ITは、経営戦略の策定や実現に大きな影響を与え、企業活動の広い分野に関係しています。そのため、経営の観点からITをマネジメントする必要があります。それをITガバナンスといいます。
- JIS Q 38500 の定義
組織のITの現在及び将来の利用を指示し,管理するシステム。ITガバナンスは,組織を支援するためにITの利用を評価すること及び指示すること,並びに計画を遂行するためにこのIT利用をモニタすることに関係する。これには組織におけるITの利用に関する戦略及び方針を含む。
- 経済産業省の定義
企業が競争優位性の構築を目的としてIT戦略の策定及び実行をコントロールし、あるべき方向へと導く組織能力
ITガバナンスの主要な局面には、
経営戦略との整合性、マーケティング戦略など他のサブ戦略との整合性をもったIT戦略の策定
IT戦略の具体的な推進における重要事項の意思決定
があります。
これらを円滑に行うには、経営者や他の部門担当役員と対等に相談でき、経営面から指揮をとれる最高IT責任者が必要になります。その役職をCIO(Chief Information Officer)といいます。CIOの任務はITガバナンスを確立することだといえます。

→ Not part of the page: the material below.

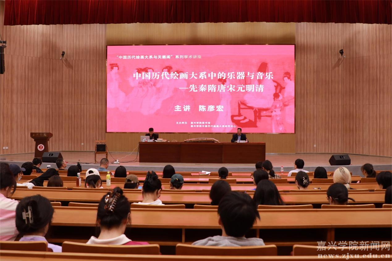 10月19日,以“中国历代绘画大系中的乐器与音乐——先秦隋唐宋元明清”为主题的学术讲座在梁林校区行政楼报告厅举办。该讲座是“中国历代绘画大系与天籁阁”系列学术讲座之一,由我校图书馆和中国历代绘画大系研究中心联合主办。我校特聘教授、吉他演奏家陈彦宏主讲。校党委副书记、中国历代绘画大系研究中心主任吴云达主持讲座。嘉兴市文联三级调研员傅琦红出席讲座。
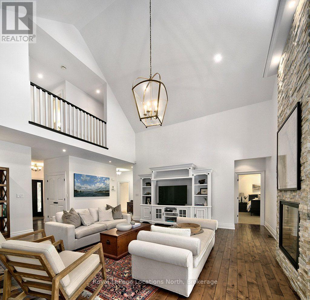 Beautiful Lora Bay home, situated along the picturesque 4th hole of the golf course, this 6-bedroom, 3.5-bath residence is surrounded by meticulously landscaped perennial gardens. Many updates throughout including freshly painted main floor and upper hall walls and trim and finished lower level.The main floor grand cathedral ceiling adds a sense of openness and sophistication, complemented by a double-sided gas fireplace that warms both the living room and a charming sunroom. Gleaming hardwood floors flow seamlessly throughout, enhancing the home’s timeless appeal. The spacious primary suite offers a spa-like ensuite bath and 2 good sized walk in closets!The kitchen is a culinary enthusiast’s dream, featuring a convenient walk-in pantry with updated cabinetry and electrical and wine/beer fridge, ample dining space, in-floor heating and granite countertops. A formal dining room provides a great setting for hosting gatherings with family and friends, ensuring that every occasion is memorable.Upstairs, three additional bedrooms and a well-appointed bath provide flexibility for family or guests.The basement, equipped with hydronic radiant in-floor heating and oversized windows features 2 bedrooms, rec room and 3pc bathroom.Step outside to discover your own private oasis. Dine al fresco under the freshly painted pergola (just rebuilt in Spring 2025), surrounded by the beauty of the meticulously landscaped stone patios. The thoughtful design of the outdoor space creates the perfect setting for relaxation and entertainment and the pergola offers shade during hot summer days.Located just minutes from Thornbury, Lora Bay offers a host of amenities, including a golf course, a delightful restaurant, a members-only lodge, a gym, and two beautiful beaches. Embrace the sense of community in this welcoming enclave, where every day feels like a retreat.Lora Bay monthly fee $265.67. (id:54164)

IT戦略の具体的な推進における重要事項の意思決定には、
IT投資の費用対効果の検討
IT推進のための組織体制
個別情報システムの調達
情報セキュリティ対策
などがあります。
可視化が重要です。ITガバナンスを確立するには、CIOをはじめ関係者全員に、現状システムがどうなっているのか、計画している情報システムはどのようなものかなどについて理解する必要があります。ところが、一般に「ITはわかりにくい」といわれており、その解消のための工夫が求められます。それを可視化あるいは「見える化」といっています。
可視化の手段として、わかりやすく「眼に見える」かたちで示すことが効果があります。それには、EAに紹介されているような標準的な図法を用いるのが適切です(参照:「EAの詳細」)。また、抽象的な表現でなく、具体的な数値で示すことも可視化といいます。
ITガバナンスに関する基準や規格を列挙します。
- COBIT
ITガバナンスの成熟度の測定基準に、情報システムコントロール協会(ISACA)が策定したCOBIT(Control Objectives for Information and related Technology)があります。ITガバナンスを実現するためのフレームワークとベストプラクティスです。
1996年に初版がリリースされ、最新版は「COBIT2019」です。名称後半をI&T(Information and Technology)に変更し、企業のDX(Digital Transformation)にも対応するようになりました。
参照:「ITガバナンスとCOBIT」(旧版です)
- 「取締役会のためのITガバナンスの手引 第2版」
ISACAが策定した手引書を日本ITガバナンス協会が翻訳したものです。経営でITを活用することの意義、ITガバナンスの重要性、COBITを導入・実施するのに際しての経営者の役割などを解説しています。
参照:https://www.itgi.jp/application/files/1515/5170/1369/board-briefing_Japanese.pdf(第2版)
- JIS Q 38500
ITガバナンスに関する国際規格 ISO/IEC 38500 のJIS版です。ITガバナンスの利用について経営者に対する情報提供及び指針を与えるものであり、経営者が6つの原則(責任、戦略、取得、パフォーマンス、適合、人間行動)を、EDM(評価、指示、モニタ)の観点から統制すべきことを示しています。COBITのように具体的事項ではなく、ITガバナンスに基本的な考え方を示したものです。